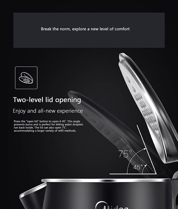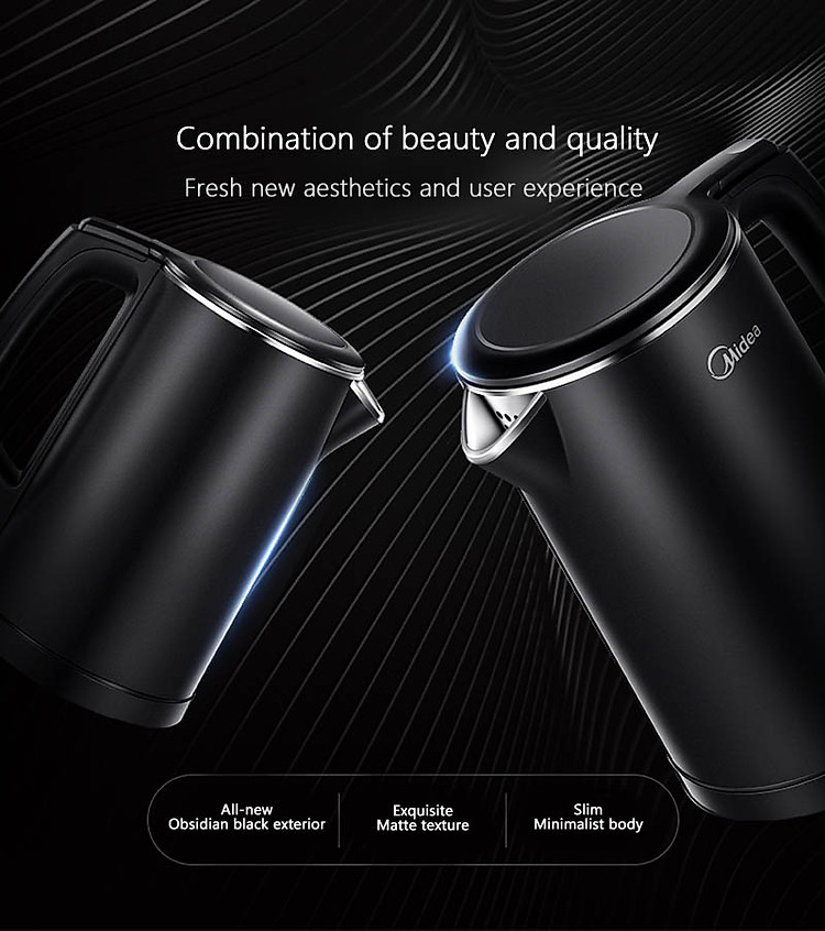 • Ấm Đun Siêu Tốc Midea MK-HJ1512d(1.5L) là sản phẩm đặc biệt với cấu tạo 2 lớp có độ bền cao, rất chắc chắn và thiết kế nhỏ gọn, hiện đại.
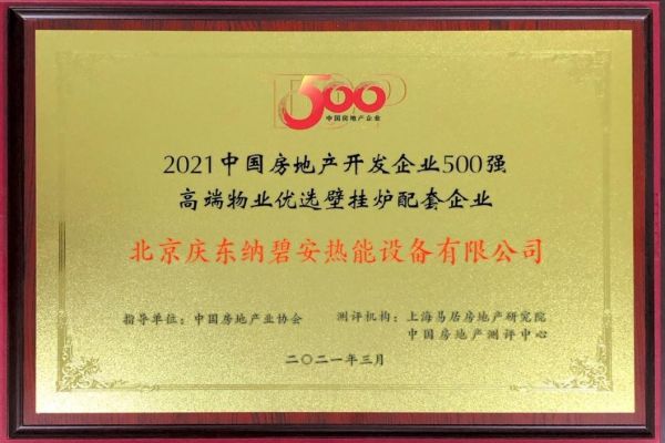 报告显示,北京庆东纳碧安热能设备有限公司获得“2021中国房地产综合实力TOP500优选高端物业配套壁挂炉供应商”,这也是庆东纳碧安连续多年蝉联改奖项。
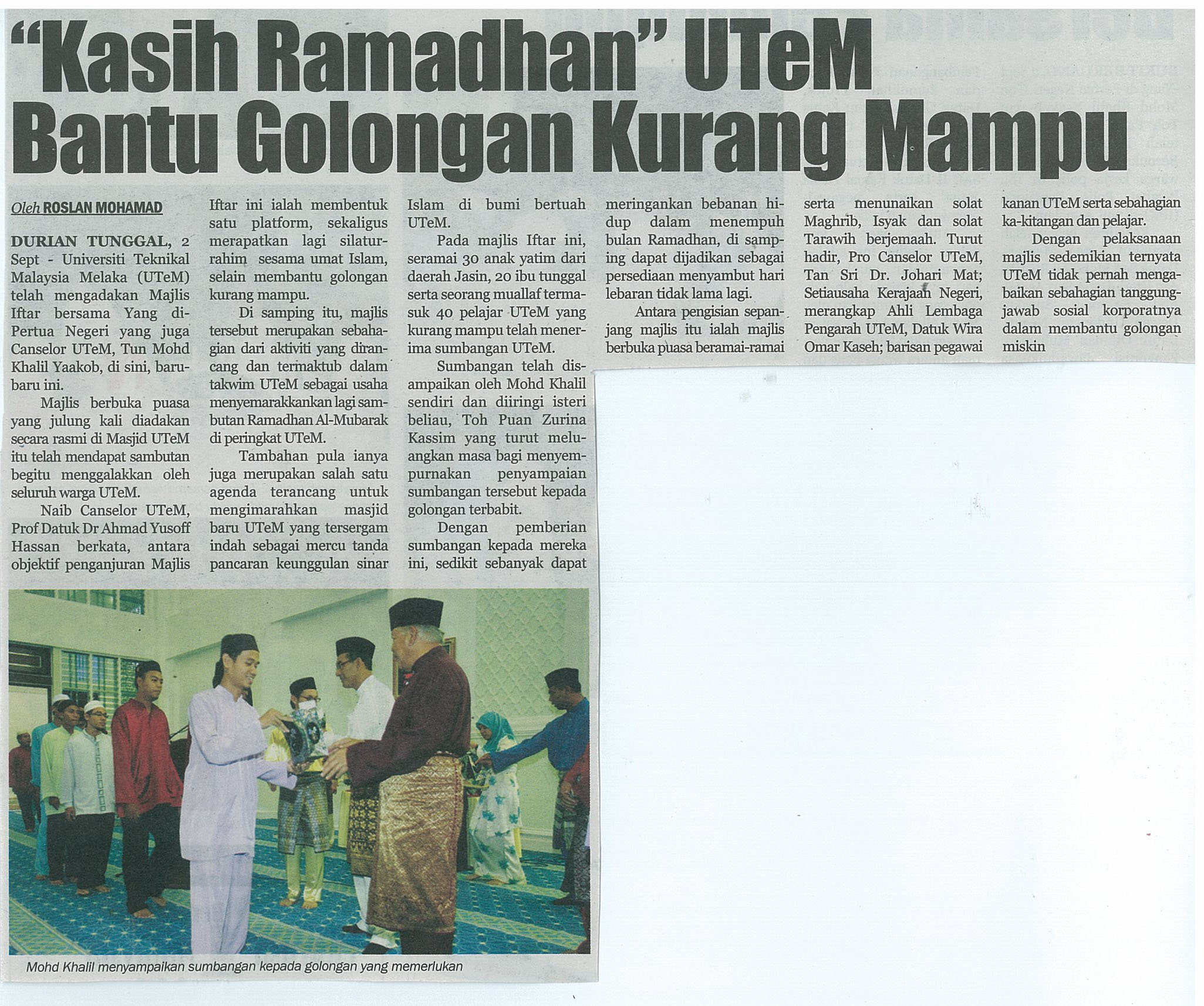 " Kasih Ramadhan" UTeM Bantu Golongan Kurang Mampu

---

◆ TASK DETAILS ◆
The finished copy should match the data above word for word and contain no pictures.

◆ SOLUTION TO THE EXERCISE ◆
 • Ấm Đun Siêu Tốc Midea MK-HJ1512d(1.5L) là sản phẩm đặc biệt với cấu tạo 2 lớp có độ bền cao, rất chắc chắn và thiết kế nhỏ gọn, hiện đại.
 报告显示,北京庆东纳碧安热能设备有限公司获得“2021中国房地产综合实力TOP500优选高端物业配套壁挂炉供应商”,这也是庆东纳碧安连续多年蝉联改奖项。
 " Kasih Ramadhan" UTeM Bantu Golongan Kurang Mampu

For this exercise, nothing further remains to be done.